-
Bug
-
Resolution: Unresolved
-
Critical
-
odf-4.17
-
None
Description of problem (please be detailed as possible and provide log
snippests):
In an OCP,ODF 4.17 RDR setup with OCP feature gate enabled, after enabling DR on CephFS based workloads that use consistency groups,
sync process stops unexpectedly after few scheduling intervals.
Version of all relevant components (if applicable):
OCP: 4.17.0-0.nightly-2024-09-09-120947
ODF: 4.17.0-97
ACM: 2.12.0-69 (2.12.0-DOWNSTREAM-2024-09-04-21-14-10)
Submariner: 0.18.0 (Globalnet enabled)
VolSync: 0.10.0
Hub
$ oc get pod -n openshift-operators ramen-hub-operator-79b6d95dbb-svfzx -o yaml | egrep "image:|imageID:"

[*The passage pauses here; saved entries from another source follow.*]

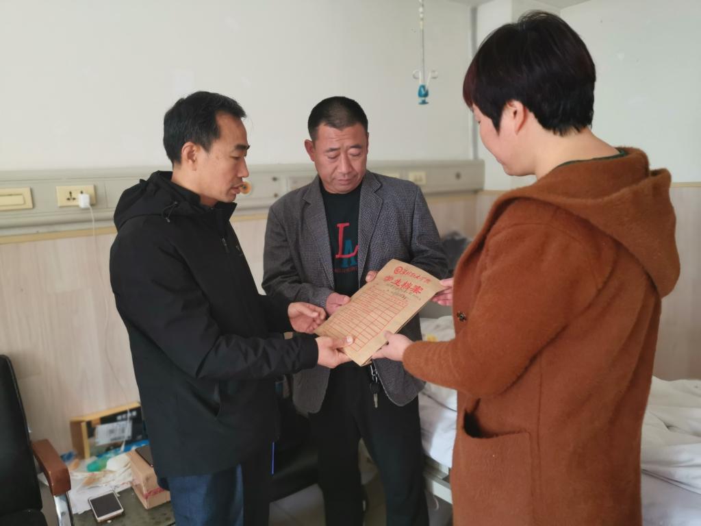 10月29日上午,经营管理学院党支部主要负责同志、辅导员办公室(团总支)老师以及学生班主任老师前往诸城市中医院看望身患重病的必赢18级学生王永青同学,并将凝聚着全院教师爱心的14899.5元的捐款交给王永青同学家长。
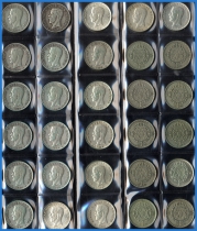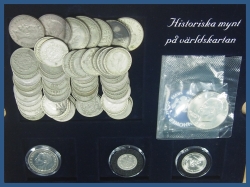 52 st "Historiska mynt på Världskartan" + 200 kr myntbrev Carl von Linné. De flesta av silver. Även några ordinarie svenska silvermynt: 1 kr -1968 (48 st), 2 kr -1940 (2 st) samt 2 kr -1966 (5 st).
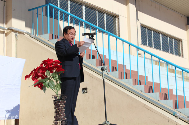 校长谭福贵在仪式上作了讲话。谭福贵说,我校办学历史悠久厚重,经过几十年的发展,学校创造了辉煌的办学业绩,培养出大量优秀的人才。近年来,学校各项发展步入了快车道,逸夫教学楼投入使用,白海校区顺利搬迁入驻,学校的办学条件得到了极大的改善。谭福贵对同学们提出了五点希望:立德立行、敬爱师友;独立思考、善于学习;志存高远、始于足下;专业从优、全面发展;身心健康、快乐生活。最后,谭福贵祝愿同学们生活愉快,学习进步,并预祝军训工作圆满成功。
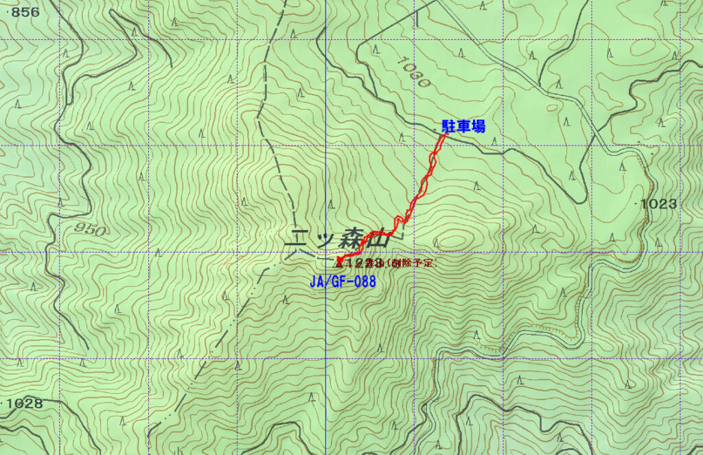 行こうか迷っていて、運用開始が遅れました。思ったより暑さは無かったが虫が多かった。7MHzで開始後すぐに2局呼ばれたがそれから全然呼ばれず、スコープ表示も信号ほとんど無し、50MHz、144MHz、430MHzを聞いてみたが、信号無し430MHzFMで呼んでみようと思ったが、モービルアンテナのSWR悪く諦めました。そしてもう一度7MHzに戻り2局でき、ポイント加算させることができる4局の最低線をクリア。登山道は短いが急坂。
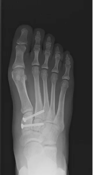 The images below demonstrate Lis Franc's ligament rupture with increased spacing between the medial cuneiform and the intermediate cuneiform. The ligament is attached between the base of the 2nd metatarsal and the lateral aspect of the medial cuneiform (left). The post-surgical repair with screw fixation (right) shows reduction in that aforementioned space between the cuneiforms re-establishing the stability of the medial midfoot.
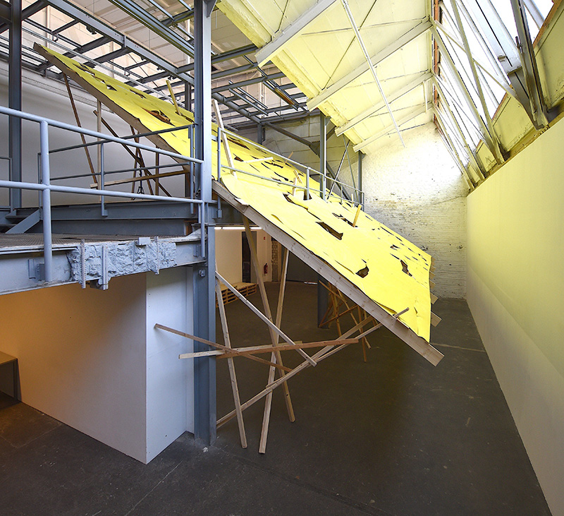 „Gelbe Schräge“, Holz, Papier, Acrylfarbe, 917 x 917 x 500 cm, 4.2021
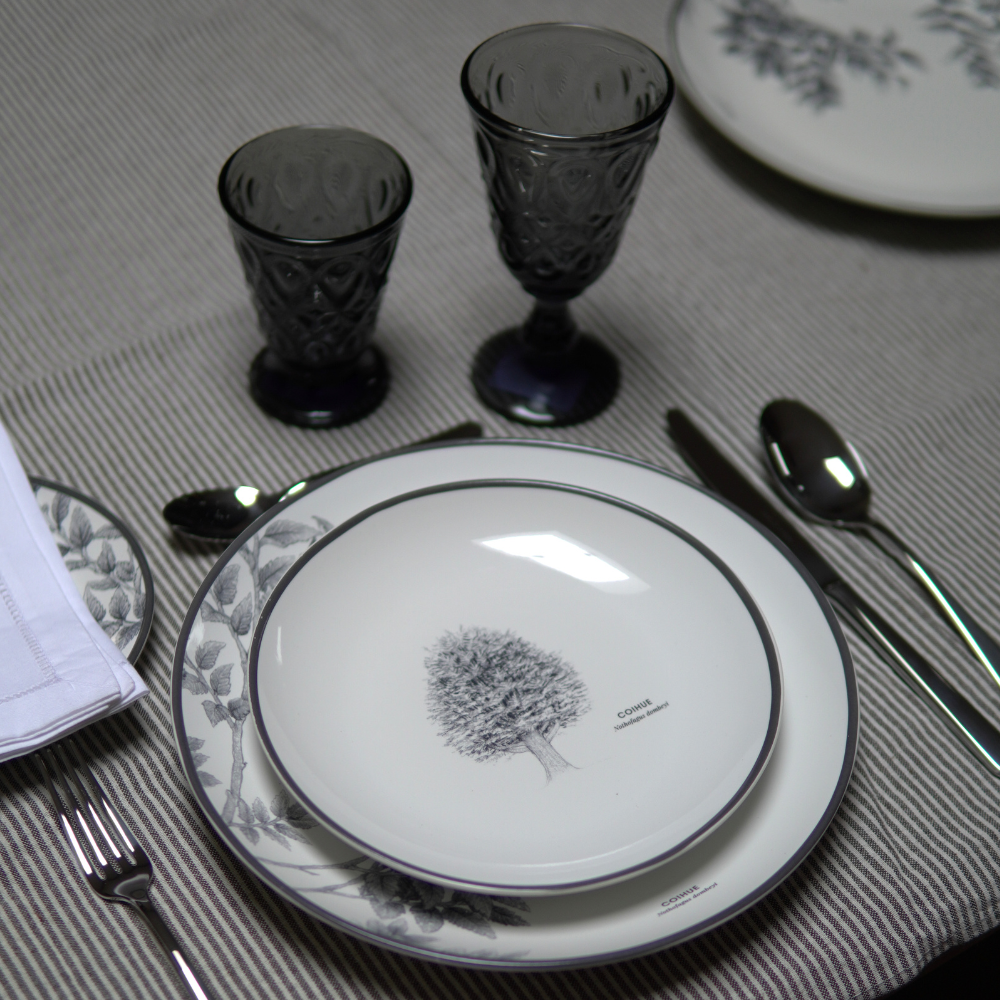 Encuentra la mejor combinación de diseño y Calidad en esta vajilla Klapp al mezclar a la perfección con un maravilloso diseño de uno de los arboles mas representativos del Sur de Chile, el Coihue.
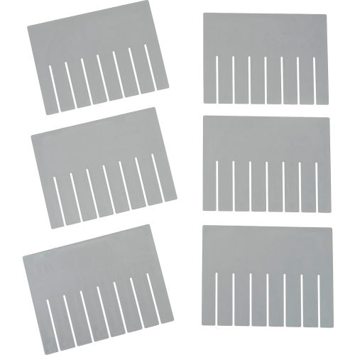Width Divider DS92080 for Plastic Dividable Grid Container DG92080, Price for Pack of 6 Durable, corrosion resistant plastic dividers help compartmentalize your grid boxes for efficient, organized storage. Dividers are slotted to accept cross interlocking with Length Dividers (sold separately). Dividers are gray and sold in packages of 6.
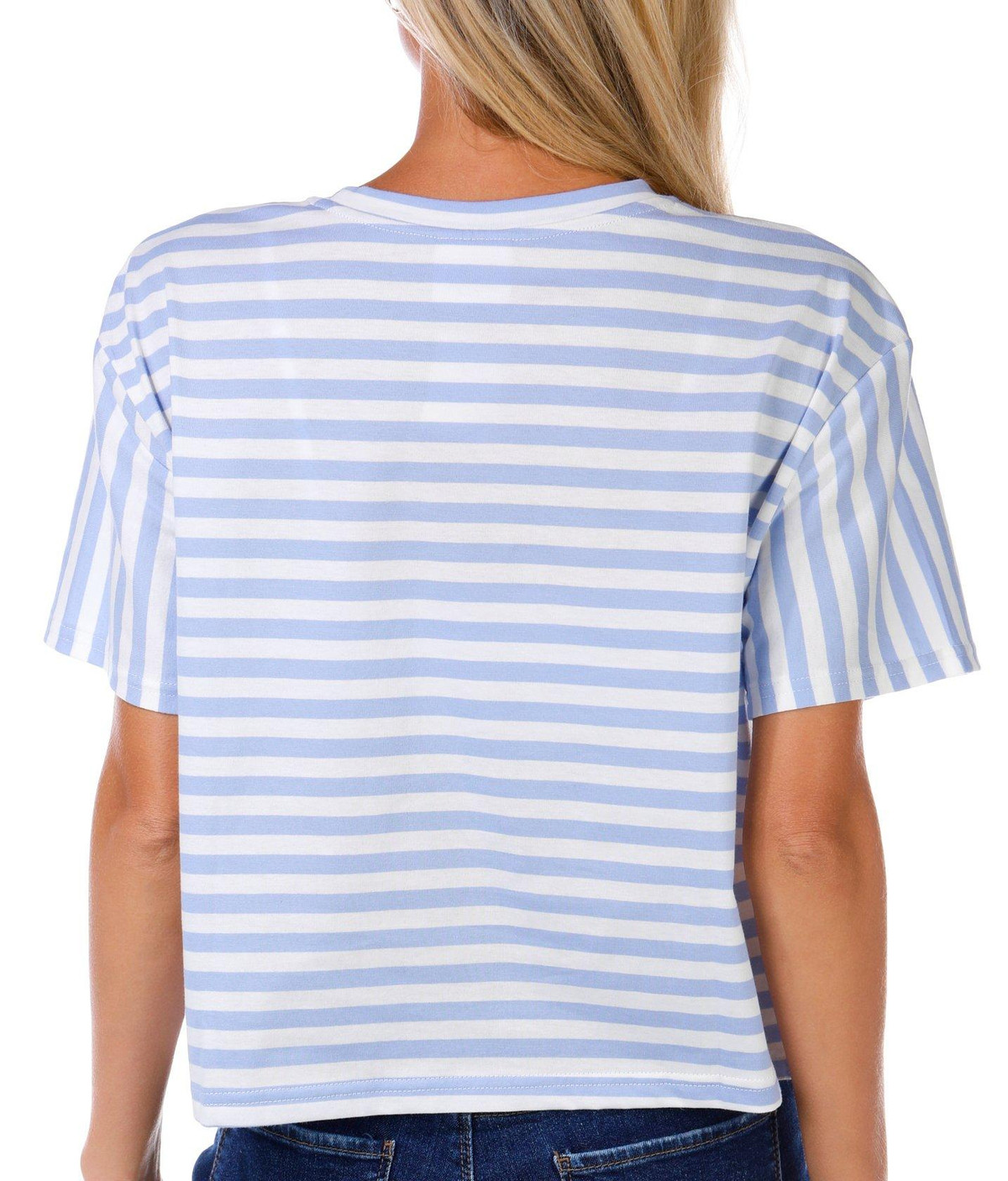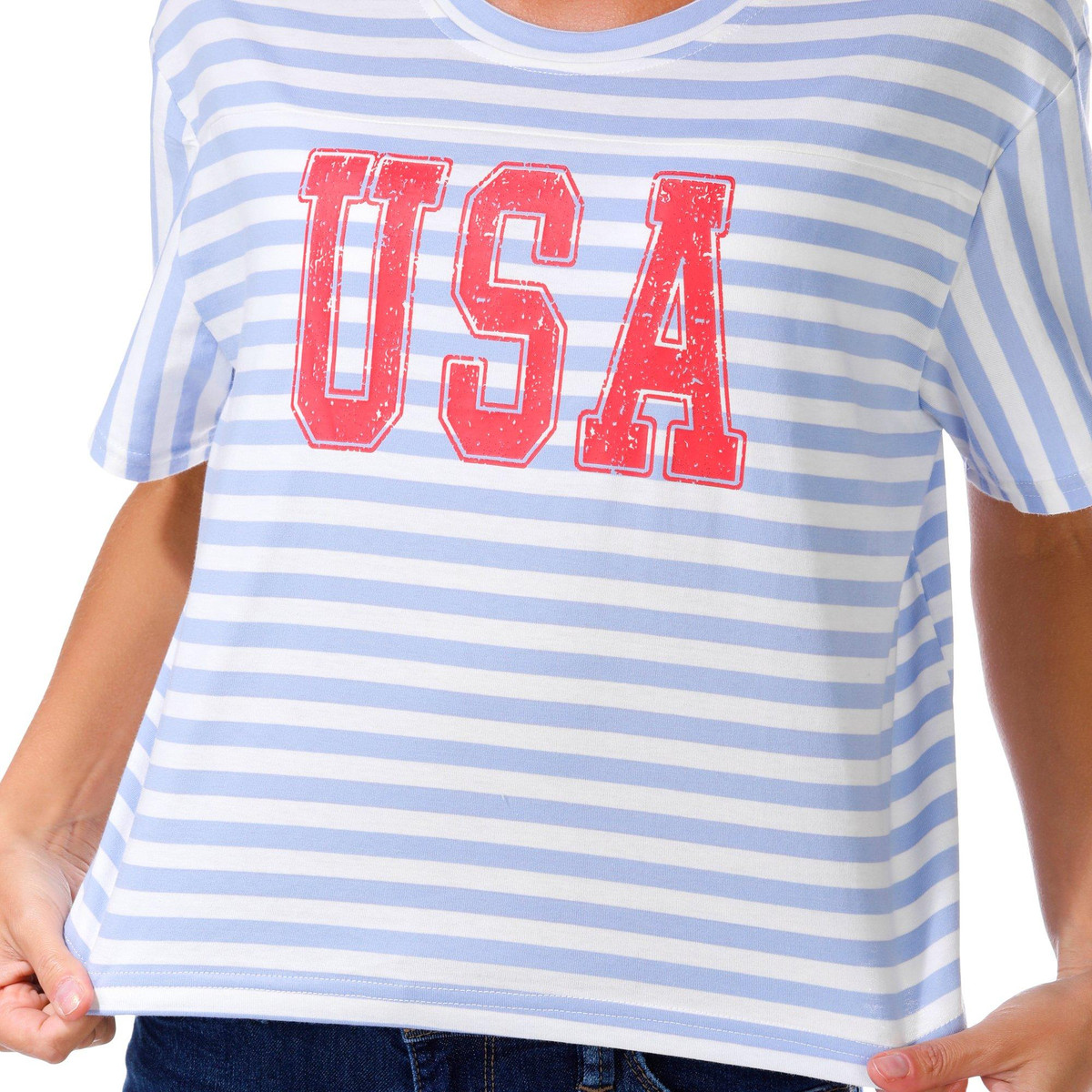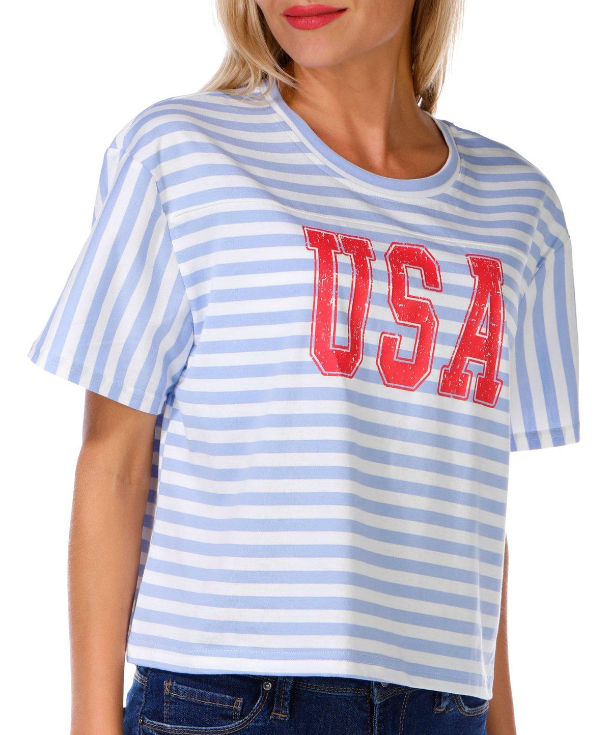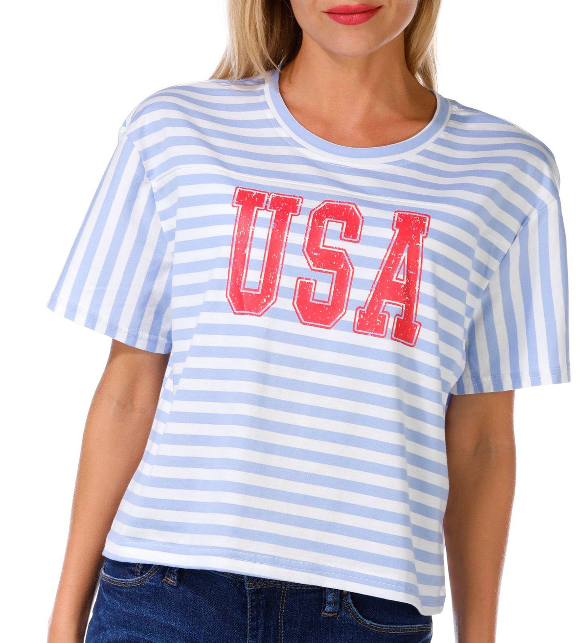 Juniors Cropped USA Graphic Tee shows off patriotic flair with a striped print, short sleeves, and a crew neckline. The cropped length adds a modern edge while the bold USA script brings classic Americana style to your everyday wardrobe. Fabrication 100% cotton

image: quay.io/bmekhiss/ramen-operator:upgrade.to.latest.crd
image: registry.redhat.io/openshift4/ose-kube-rbac-proxy-rhel9@sha256:334c6f7811e882797be1a1ed74cbb878c65d6bb6621be1544cf12f693091f9fb
image: registry.redhat.io/openshift4/ose-kube-rbac-proxy-rhel9@sha256:334c6f7811e882797be1a1ed74cbb878c65d6bb6621be1544cf12f693091f9fb
imageID: registry.redhat.io/openshift4/ose-kube-rbac-proxy-rhel9@sha256:334c6f7811e882797be1a1ed74cbb878c65d6bb6621be1544cf12f693091f9fb
image: quay.io/bmekhiss/ramen-operator:upgrade.to.latest.crd
imageID: quay.io/bmekhiss/ramen-operator@sha256:d63eb9016368840112e08ddccebe130e554b3a801df6b5347a1ad5eb8fca90e1
Managed cluster
$ oc get pod -n openshift-dr-system -o yaml | egrep "image:|imageID:"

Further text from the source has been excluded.